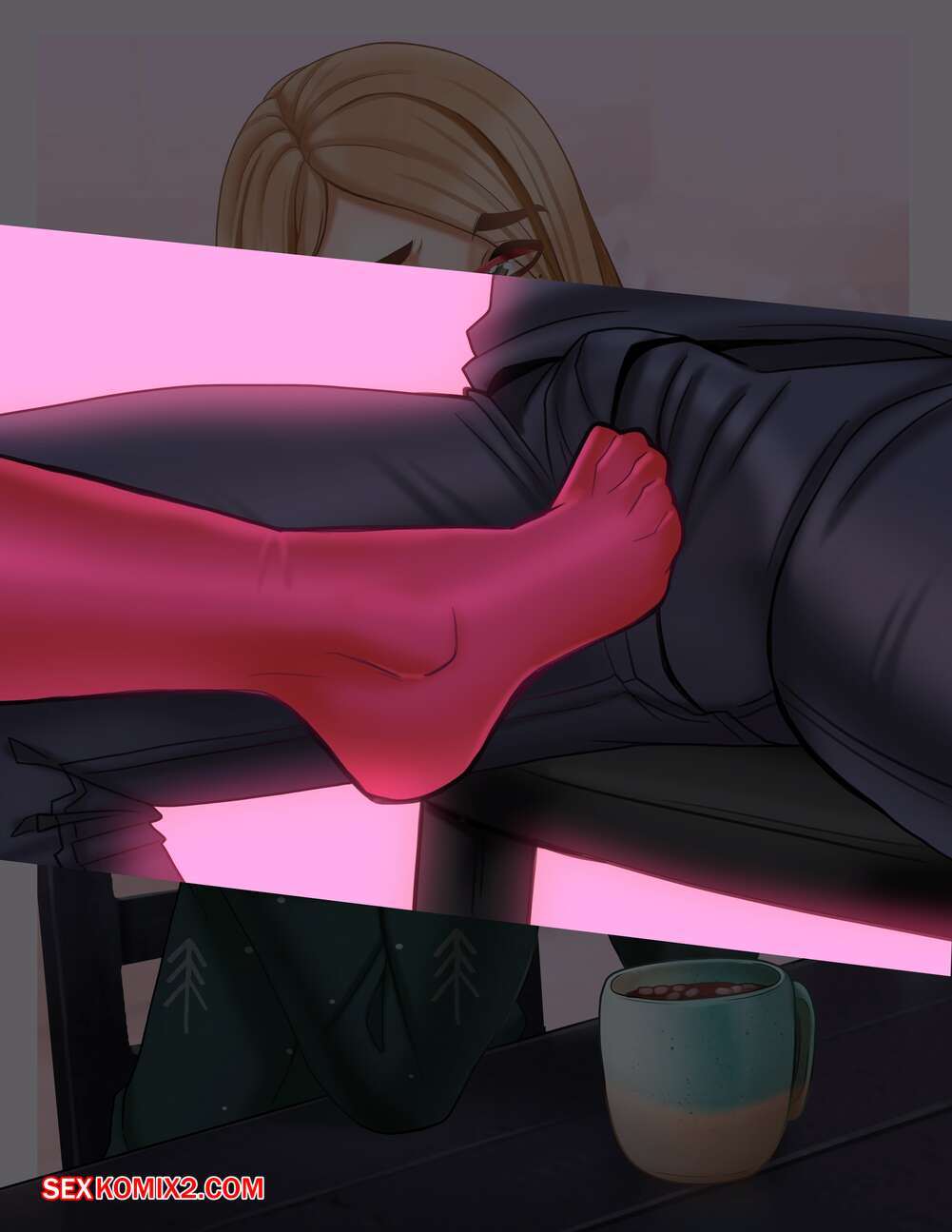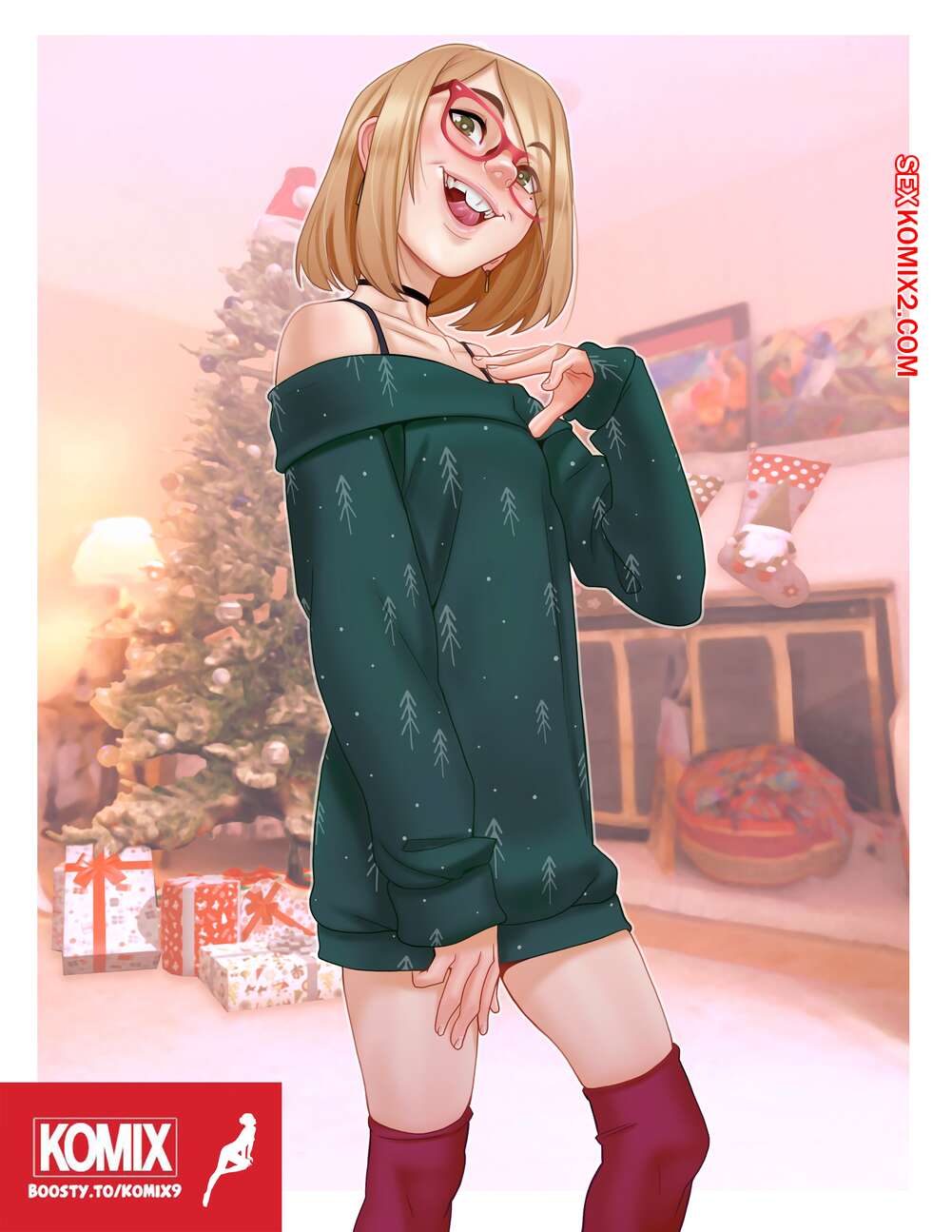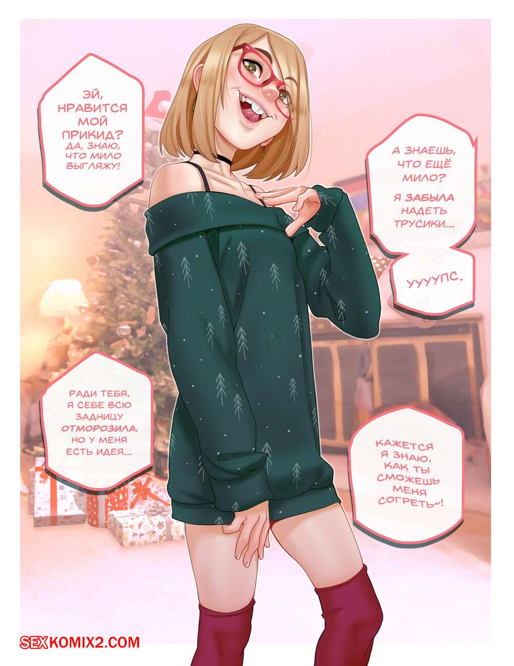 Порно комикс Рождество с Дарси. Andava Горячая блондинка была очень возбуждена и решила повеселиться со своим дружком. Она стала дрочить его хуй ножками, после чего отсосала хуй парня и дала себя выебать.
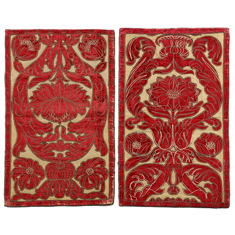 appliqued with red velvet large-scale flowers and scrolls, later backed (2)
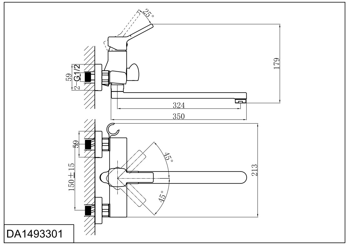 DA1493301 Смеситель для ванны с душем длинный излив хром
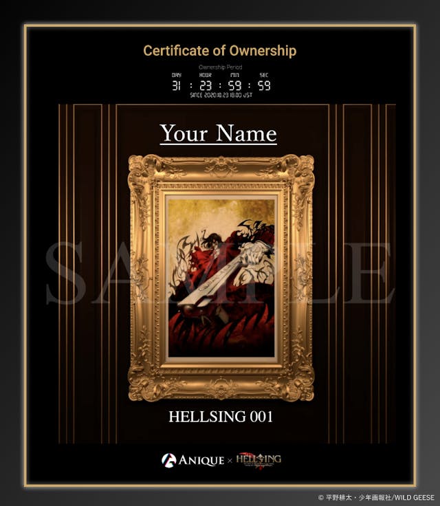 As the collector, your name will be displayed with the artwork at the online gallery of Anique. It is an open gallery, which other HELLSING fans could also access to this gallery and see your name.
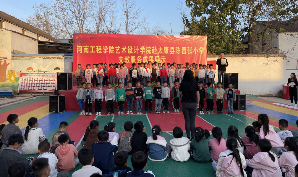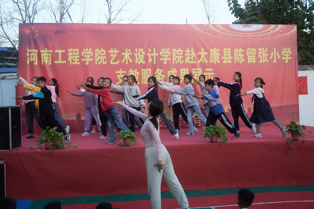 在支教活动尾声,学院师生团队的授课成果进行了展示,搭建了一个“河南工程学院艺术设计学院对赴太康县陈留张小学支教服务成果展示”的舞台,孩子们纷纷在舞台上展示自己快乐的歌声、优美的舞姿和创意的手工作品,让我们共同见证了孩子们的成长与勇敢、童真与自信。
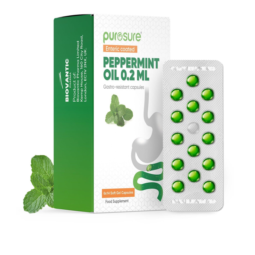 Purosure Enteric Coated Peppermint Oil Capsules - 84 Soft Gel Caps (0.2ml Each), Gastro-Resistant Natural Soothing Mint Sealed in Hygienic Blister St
========
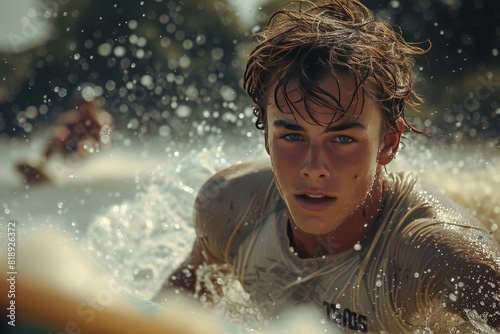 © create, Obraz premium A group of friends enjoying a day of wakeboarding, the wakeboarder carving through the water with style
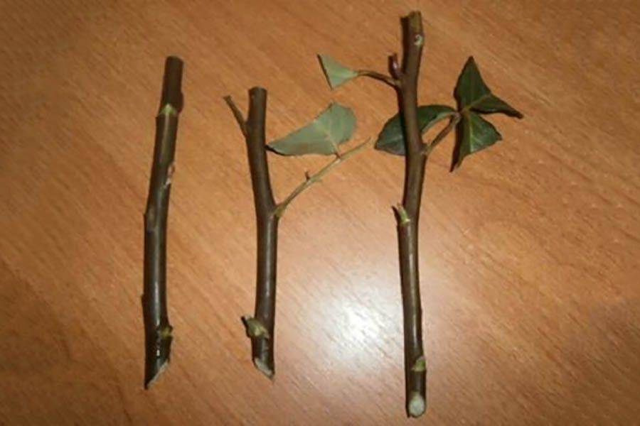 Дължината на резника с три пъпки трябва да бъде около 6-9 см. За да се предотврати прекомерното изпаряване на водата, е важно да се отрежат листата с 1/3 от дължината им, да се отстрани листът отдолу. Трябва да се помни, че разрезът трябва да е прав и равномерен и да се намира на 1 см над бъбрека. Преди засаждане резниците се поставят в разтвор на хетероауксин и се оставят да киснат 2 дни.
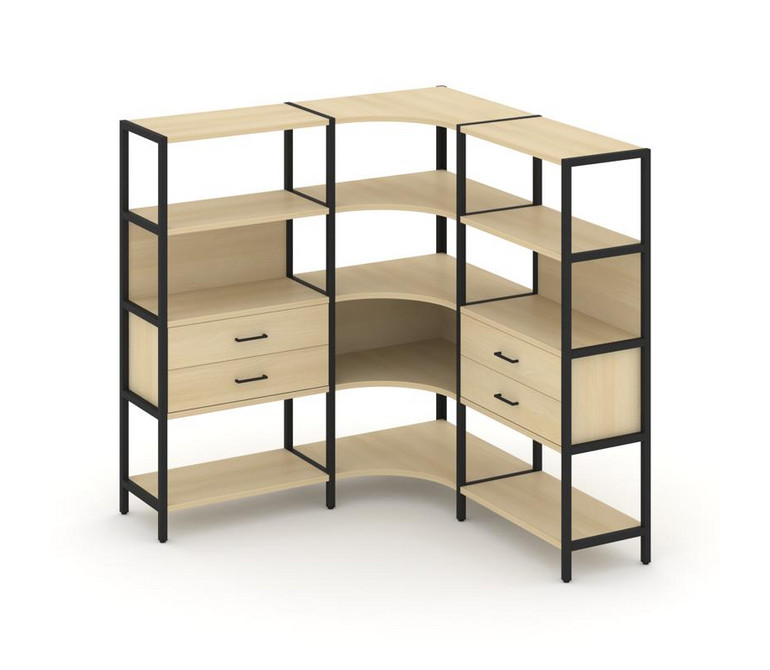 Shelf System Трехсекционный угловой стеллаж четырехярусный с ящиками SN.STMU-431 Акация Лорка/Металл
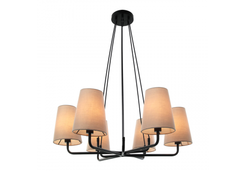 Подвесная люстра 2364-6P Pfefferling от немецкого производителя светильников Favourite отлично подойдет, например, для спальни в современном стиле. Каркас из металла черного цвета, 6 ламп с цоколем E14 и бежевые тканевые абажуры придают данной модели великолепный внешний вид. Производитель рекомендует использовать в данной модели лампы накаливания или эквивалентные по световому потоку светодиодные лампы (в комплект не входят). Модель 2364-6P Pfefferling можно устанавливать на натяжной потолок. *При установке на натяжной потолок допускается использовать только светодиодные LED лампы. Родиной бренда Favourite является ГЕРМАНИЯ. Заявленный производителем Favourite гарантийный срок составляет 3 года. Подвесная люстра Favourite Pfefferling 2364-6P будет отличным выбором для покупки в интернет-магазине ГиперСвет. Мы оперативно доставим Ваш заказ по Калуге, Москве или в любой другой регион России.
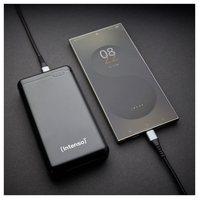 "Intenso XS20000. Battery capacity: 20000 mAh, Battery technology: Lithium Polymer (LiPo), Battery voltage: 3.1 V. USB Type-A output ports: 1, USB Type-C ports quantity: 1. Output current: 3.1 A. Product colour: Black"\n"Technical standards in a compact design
========
• **BRIEF**
Copy exactly, without pictures, the lines above from the one with "As the collector, your" down to the one with "在支教活动尾声,学院师生团队", inclusive.

• **EXPECTED ANSWER**
 As the collector, your name will be displayed with the artwork at the online gallery of Anique. It is an open gallery, which other HELLSING fans could also access to this gallery and see your name.
 在支教活动尾声,学院师生团队的授课成果进行了展示,搭建了一个“河南工程学院艺术设计学院对赴太康县陈留张小学支教服务成果展示”的舞台,孩子们纷纷在舞台上展示自己快乐的歌声、优美的舞姿和创意的手工作品,让我们共同见证了孩子们的成长与勇敢、童真与自信。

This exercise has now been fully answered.